The governance angle is just as practical. Prompts and responses can contain personal data, contractual terms, confidential customer records, source code, or internal system names. Sending that raw material to a third-party observability service can create a security review bottleneck, while stripping the content too aggressively can make traces useless for debugging and evaluation. Keeping traces in Unity Catalog does not solve privacy automatically, and Databricks explicitly says the feature does not apply special PII handling on its own. But it does put trace data under the same permissioning, masking, and filtering model that data teams already use for regulated datasets.
The post also shows why AI observability needs component-level structure. A normal service trace might identify which microservice is slow. An agent trace has to explain whether the bottleneck was retrieval, an LLM call, a tool invocation, a retry loop, a prompt-expansion step, or a model handoff. Databricks’ example dashboards separate cost and latency by model and tool, which is the level where engineering action usually happens. A high overall latency number is not enough; teams need to see that a specific retrieval tool is slow, a particular model is producing too many tokens, or one request class repeatedly triggers unnecessary tool calls.
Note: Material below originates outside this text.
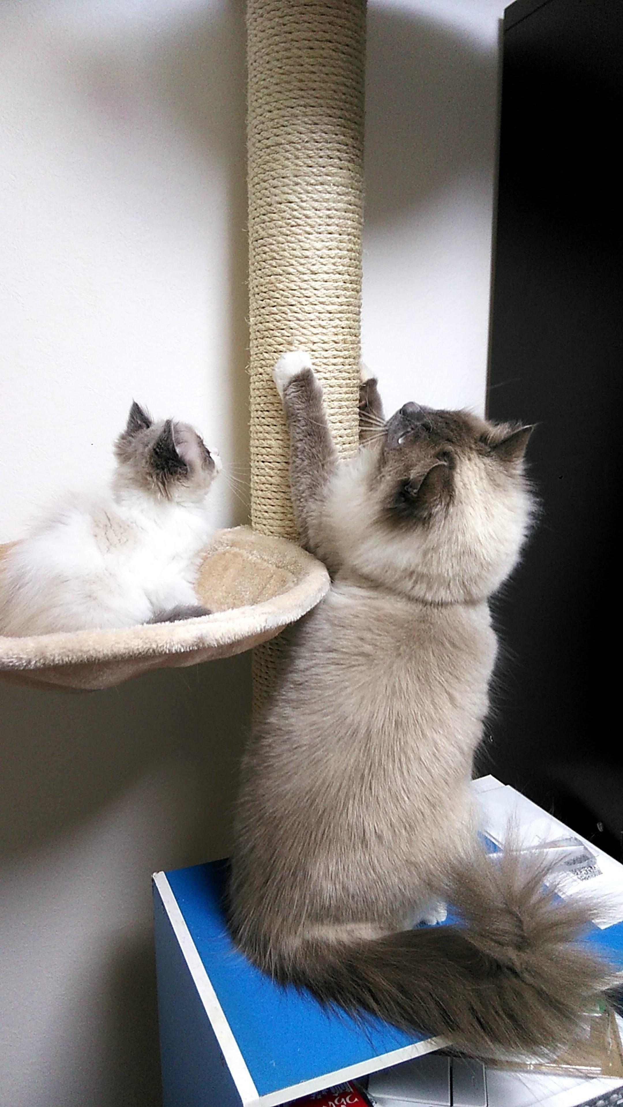 「うっかり壁で伸びをしたついでにガリッてやりそうになるのですが、そこはダメよーと優しく言っただけで、すぐに止めて猫タワーの爪とぎへ行ってくれます」。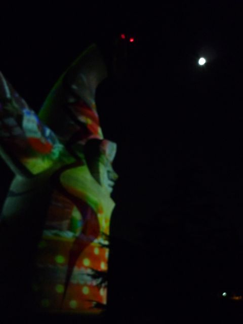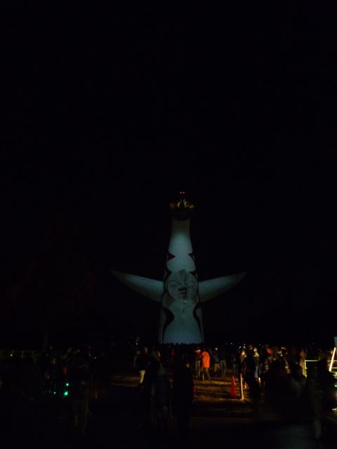 横顔の太陽の塔。月も一緒に。ちょっとブレてるけど。

There is also a cost and retention lesson. Agent traces contain large text payloads, so retaining them in a conventional observability platform can become expensive quickly. Object storage plus Delta Lake changes the economics, making it more plausible to keep traces long enough for offline analysis, audit, regression detection, and quality improvement. That shifts observability from a short-term debugging tool into a long-term learning system.
Takeaway
Databricks’ post is a useful example of the next layer of agent infrastructure: not another orchestration framework, but the data plane needed to understand and improve agents after they are deployed. The important move is to make OpenTelemetry traces durable, governed, queryable, and connected to evaluation workflows.
For teams building production agents, the broader engineering takeaway is to design observability as part of the agent architecture from the beginning. Instrument model calls and tool calls with standard traces. Store enough context to reconstruct execution paths. Govern prompts and responses as sensitive data. Join traces with business and quality outcomes. Use real production behavior to refresh evaluation sets and monitoring rules.
Agents are difficult to improve when their behavior disappears into application logs or isolated dashboards. They become easier to operate when every run leaves behind a structured record that engineers, data scientists, security teams, and product teams can analyze with the same tools they already use for critical data. Databricks’ architecture points toward that operating model: agent traces as first-class production data.